Натурщица Коллонтай - [20]
А судье этому с заседателями всё по барабану. Он даже Пашу не опросил, мной не поинтересовался, тобой и папой моим, хоть и не сложилось у них с мамой. Только это другое, а то другое. Мы с Пашей сидели рядом, как чурки осиновые, и только поражались творящейся у нас на глазах несправедливости. Одна заседательша, толстая тётка, абсолютно безвкусная, с противными жирными пальцами и нахлобученной вокруг головы дурацкой косой, книжку читала под столом, я её засекла. А другой, что справа, в зал уставился и всех присутствующих по очереди глазами перебирал, как будто решал про каждого, казнить или миловать.
Оба уроды, оба ненавистники.
Знаешь, что странно? Что не плакал он совсем, когда её уводили после приговора, Паша наш. Даже глаз себе не намочил. Помнишь, как слезу пустил, без ничего, когда мы только из Давлеканова вернулись и его застали у нас, с голым пузом и без надежд на будущее? Когда ещё мама слёзы эти собою перекрыла на ту ночь, и после этого он воспарил телом и духом?
Не забыла?
Это всё так, всё было. Но и не так. Теперь он совсем другой. Теперь он сильный и красивый. И на него спрос немалый, сама видала. И он нравится им. И ему там нравится, с ними. И мне он нравится, намного больше раньшего. Думаю, что именно поэтому я тоже не заплакала, хотя совершенно такого от себя не ждала. Её уводят на пять лет, с концами, а я дурой последней сижу, сволочью неблагодарной, и вообще не рыдаю.
Бабушка, это ужасно странно для меня, но только я ничего не могла с собой поделать тоже. Лицо руками закрыла, чтобы мама не видела, как не плачу я по ней, и так их не отпускала, пока конвой не вывел её наружу из зала обвинительного заседания.

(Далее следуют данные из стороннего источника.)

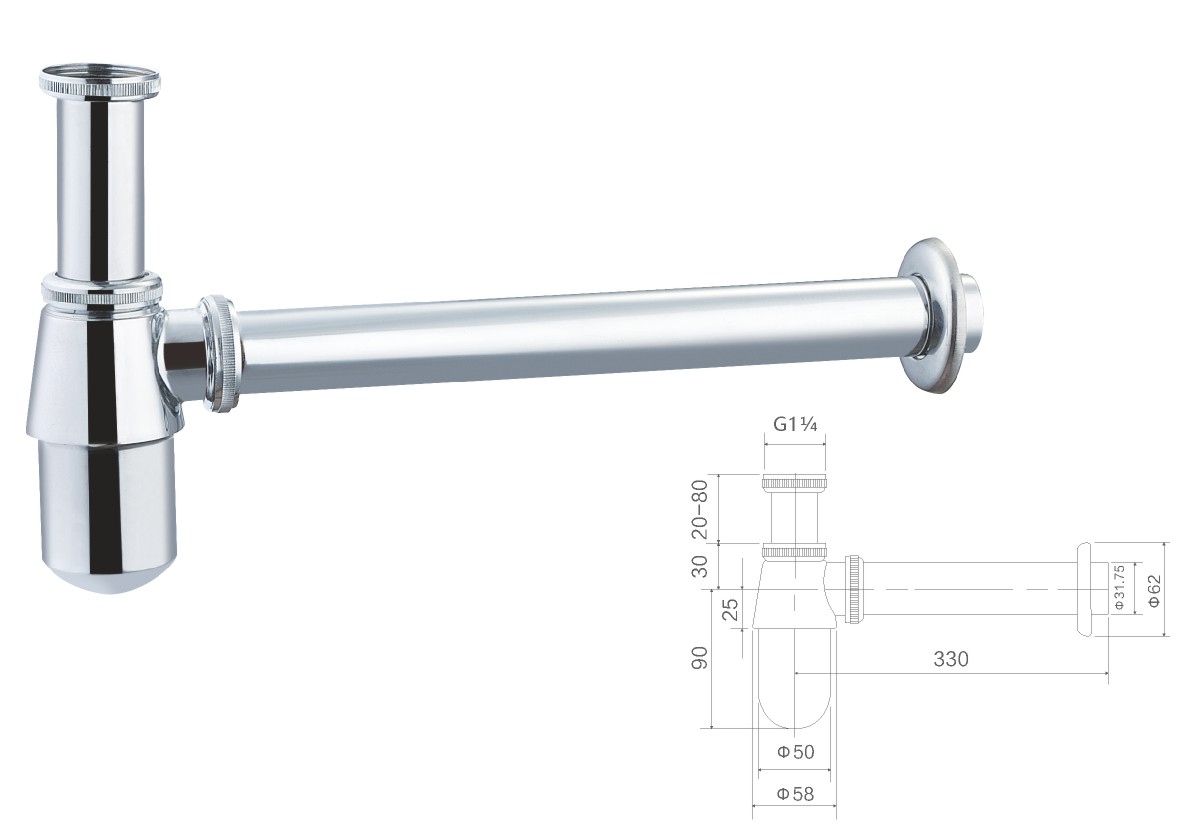 Stainless steel 304 siphon 1 1/4"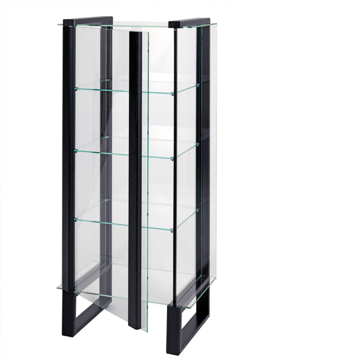 The Overseas Box glass showcase is a special place to display personal favourites from your collection and other treasures that deserve to be seen. Within a height of 146.8 centimeters, the adjustable glass shelves make it possible to vary the display most attractively. The front can be opened as a door. The solid wood frame is made from a strongly contrasting material: either brushed soft oak or oak with an open-pore paint finish, in which case there is a subtle range of colours to choose from. The shape was inspired by the trunks taken as luggage on a sea voyage in earlier times.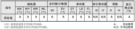 對(duì)于FP0、FP2、FP2SH、FP10SH,CPU版本為4.4或更高的FP-C、FP3和CPU版本為2.7或更高的FP-M、FP1,設(shè)定值區(qū)號(hào)(SV)可直接指定為計(jì)時(shí)器設(shè)定值。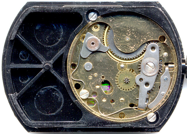 Das Werk ist mit zwei Schrauben im Container fixiert. Um es auszuschalen, sind beide Schrauben zu lösen, sowie von der Rückseite des Containers der Stöpsel zu entfernen und die Winkelhebelschraube so weit wie nötig aufzudrehen, um die Aufzugswelle zu entfernen.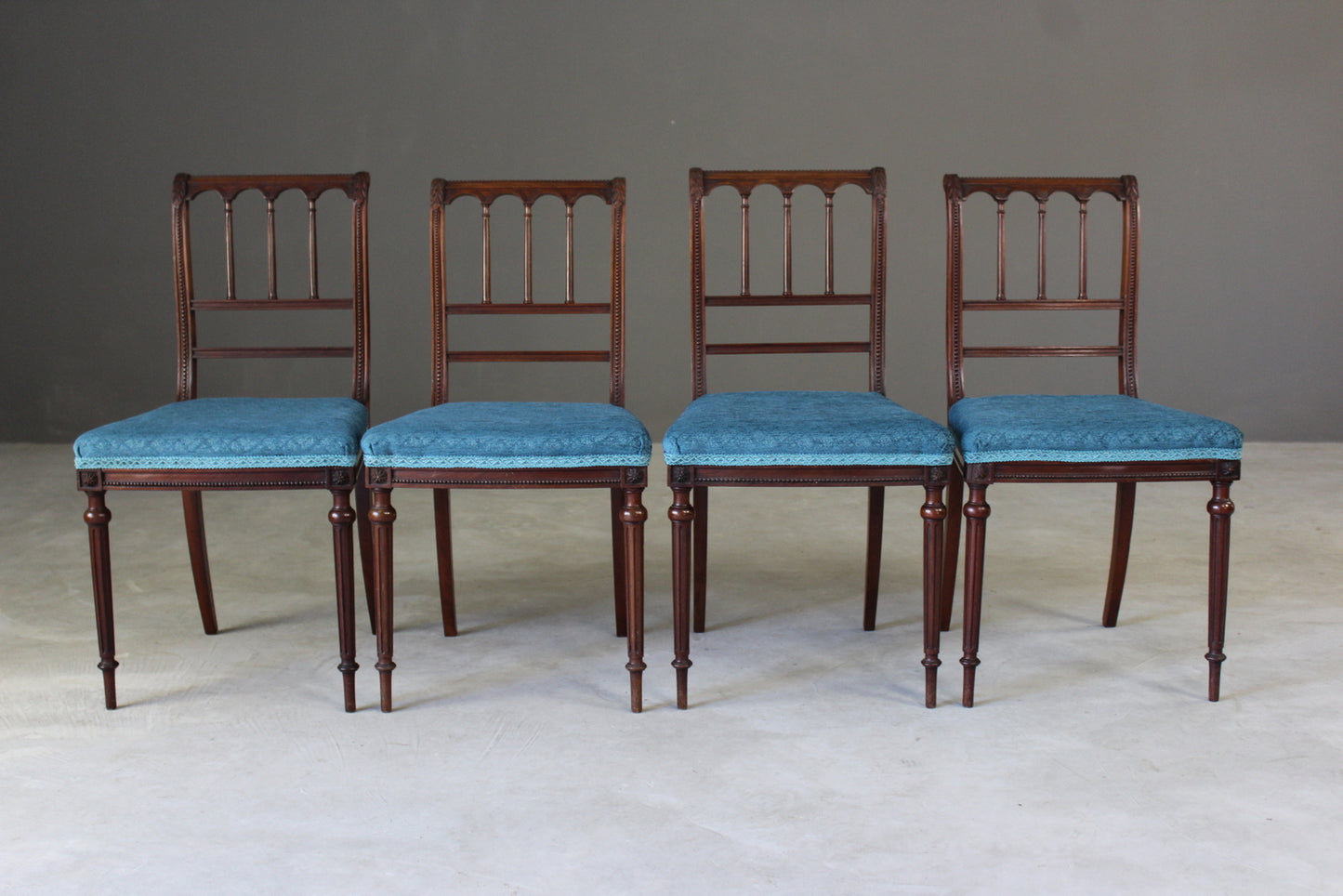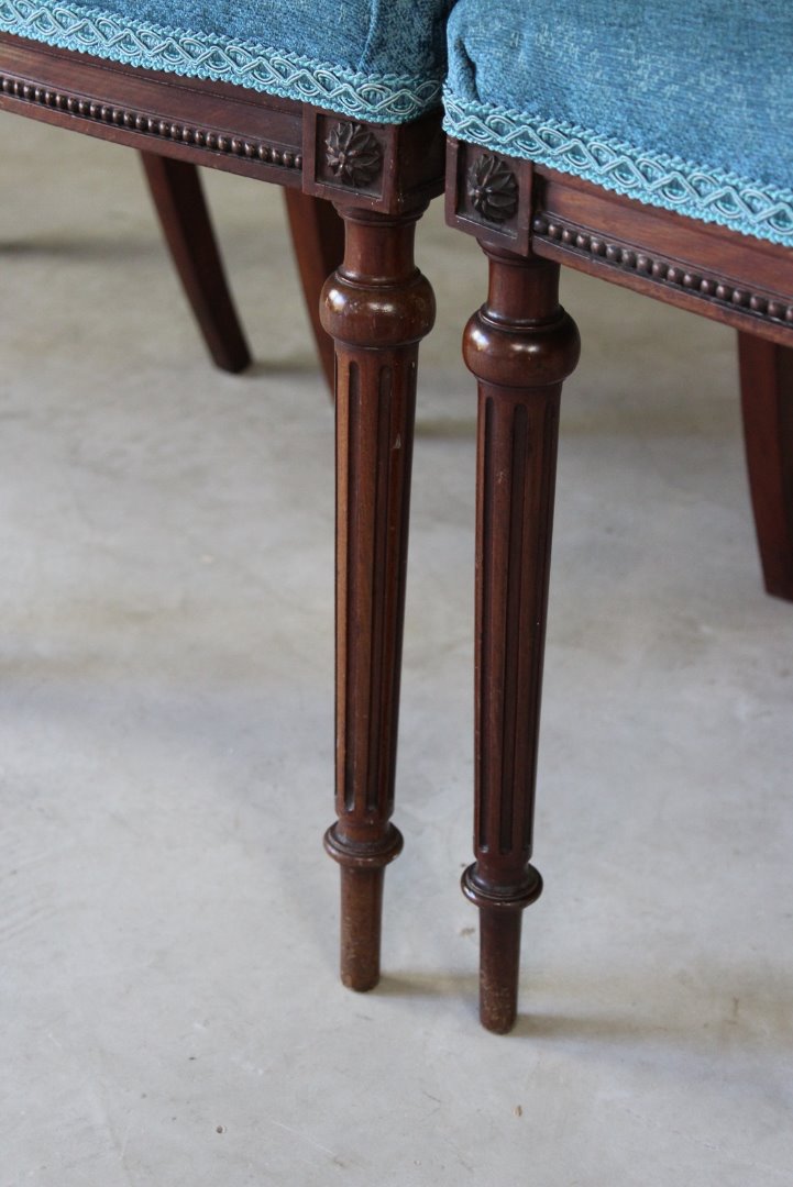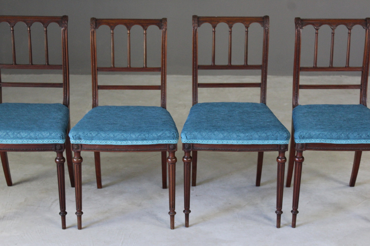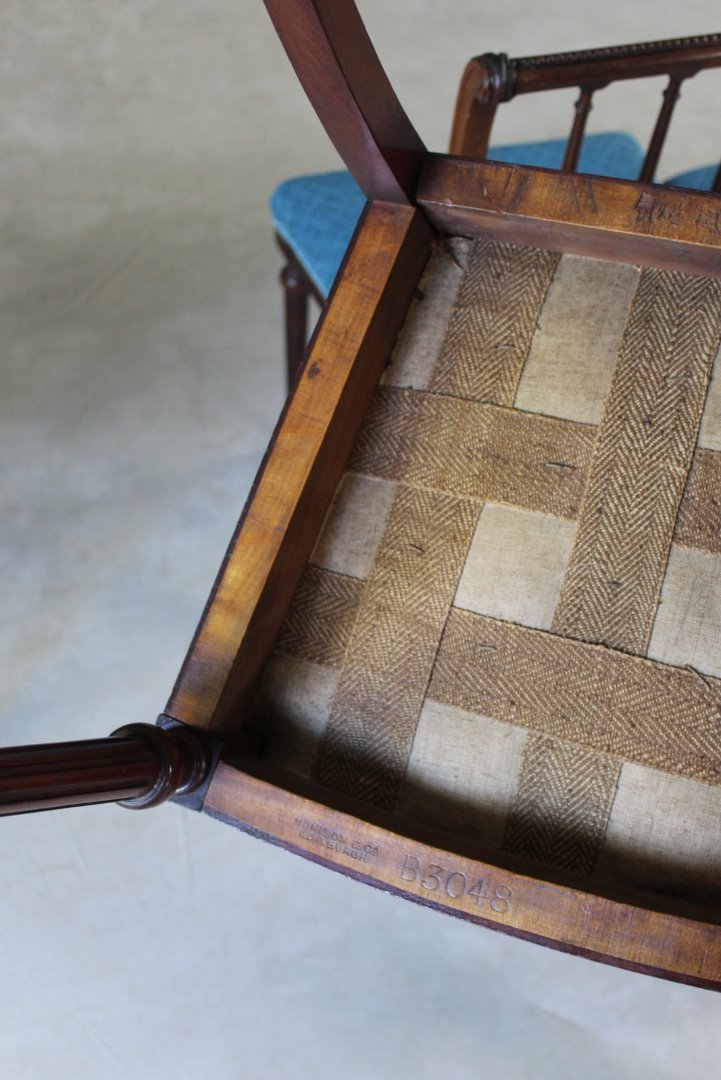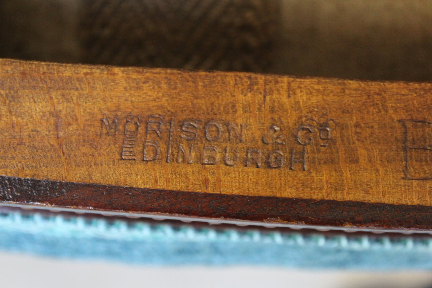 4 Morison & Co mahogany side chairs. 4 early 20th Century mahogany framed occasional chairs, stamped Morison & Co to the underside of the frames, webbed and stuffed blue upholstered seats with carved acanthus leaves on fluted legs.

Адвокат был у нас, бесплатный, дали по закону. Подходит, интересуется мимоходом, без особого сочувствия, даже помалу не напрягает себе наружность, чтоб прикинуться сострадальцем.
Говорит:
— Обжаловать собираемся?
Я:
— А что, можно не согласиться?
Он:
— В принципе можно, но не стоит.
Паша:
— Почему так?
Он:
— Потому что ещё добавят.
Я:
— За что?
Он:
— За нитку.
Паша:
— За какую нитку?
Он:
— За которую потянут на допрасследовании и вытянут ещё котлеты какие-нибудь с недовложением плюс продел по гречке вместо ядрицы, и комбижиры вместо стандартных жиров. Вам это надо?
Я:
— Мне не надо.
Паша:
— И мне.
Он:
— Тогда дело закрыто, спасибо всем. И передайте вашей родственнице, чтобы по возможности в самодеятельности поучаствовала и не нарушала режим. Таких обычно, как она, при пищеблоке держат. Так что поосторожней там пускай. Может, раньше выйдет.
И пошёл себе.
И мы пошли себе с Пашей.
Он в тот день на позы ушёл, не стал пропускать, хотел отвлечь себя художественной недвижимостью на вечерней смене. А я дома осталась, как обычно.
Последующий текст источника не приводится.